● **DATASET EXTRACT**
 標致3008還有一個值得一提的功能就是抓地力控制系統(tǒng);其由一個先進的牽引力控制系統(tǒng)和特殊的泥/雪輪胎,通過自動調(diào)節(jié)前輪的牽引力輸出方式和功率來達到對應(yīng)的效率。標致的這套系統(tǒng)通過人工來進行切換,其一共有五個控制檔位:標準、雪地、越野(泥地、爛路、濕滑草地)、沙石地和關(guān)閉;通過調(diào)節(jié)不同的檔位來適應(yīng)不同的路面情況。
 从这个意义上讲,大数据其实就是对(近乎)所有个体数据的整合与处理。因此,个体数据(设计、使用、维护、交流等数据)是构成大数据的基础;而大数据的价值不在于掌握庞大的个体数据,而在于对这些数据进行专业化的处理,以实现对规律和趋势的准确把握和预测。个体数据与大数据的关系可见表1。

* * *

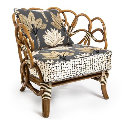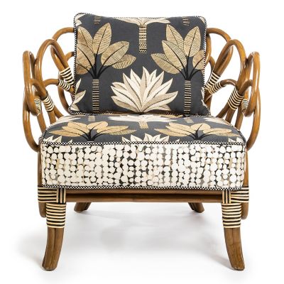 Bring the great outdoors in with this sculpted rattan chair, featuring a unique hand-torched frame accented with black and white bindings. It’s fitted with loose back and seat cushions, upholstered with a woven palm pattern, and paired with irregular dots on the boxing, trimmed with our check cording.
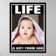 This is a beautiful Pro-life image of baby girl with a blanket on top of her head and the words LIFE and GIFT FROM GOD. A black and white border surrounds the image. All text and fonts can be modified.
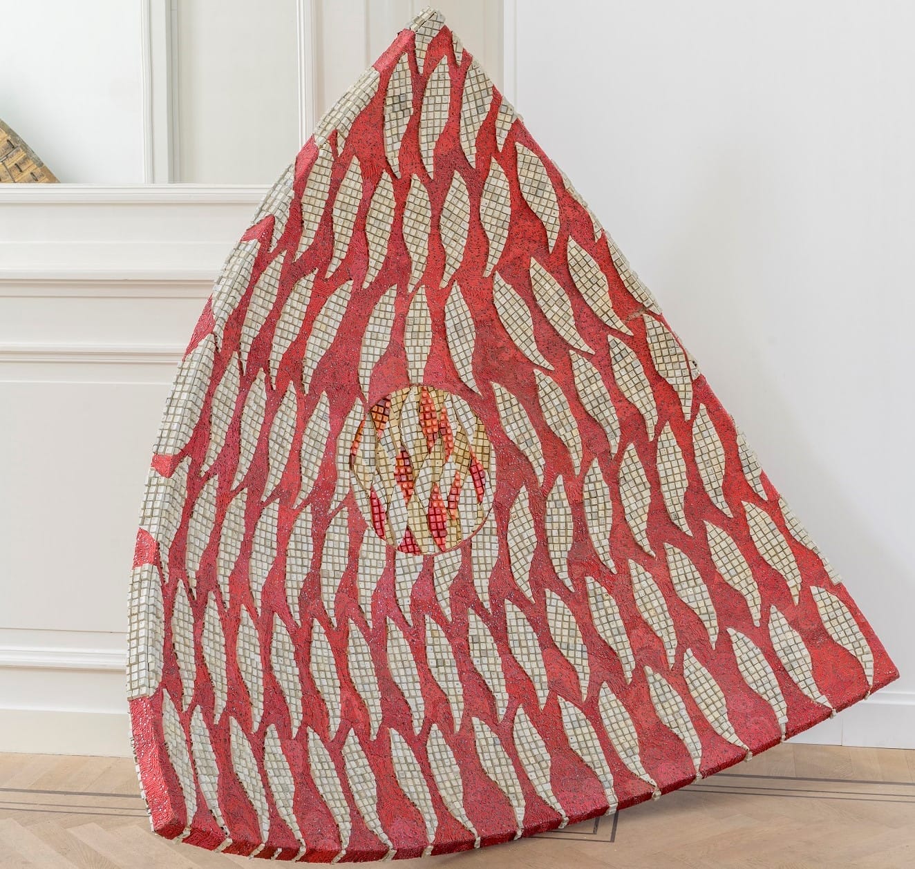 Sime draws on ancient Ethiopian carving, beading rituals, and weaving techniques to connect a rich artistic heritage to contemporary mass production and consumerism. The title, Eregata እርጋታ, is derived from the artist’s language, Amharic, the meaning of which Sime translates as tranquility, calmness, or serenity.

● **BRIEF**
The answer must be the lines above from the one containing "This is a beautiful" through the one containing "Sime draws on", reproduced exactly, with no pictures and nothing else.

● **OUTPUT OF THE TASK**
 This is a beautiful Pro-life image of baby girl with a blanket on top of her head and the words LIFE and GIFT FROM GOD. A black and white border surrounds the image. All text and fonts can be modified.
 Sime draws on ancient Ethiopian carving, beading rituals, and weaving techniques to connect a rich artistic heritage to contemporary mass production and consumerism. The title, Eregata እርጋታ, is derived from the artist’s language, Amharic, the meaning of which Sime translates as tranquility, calmness, or serenity.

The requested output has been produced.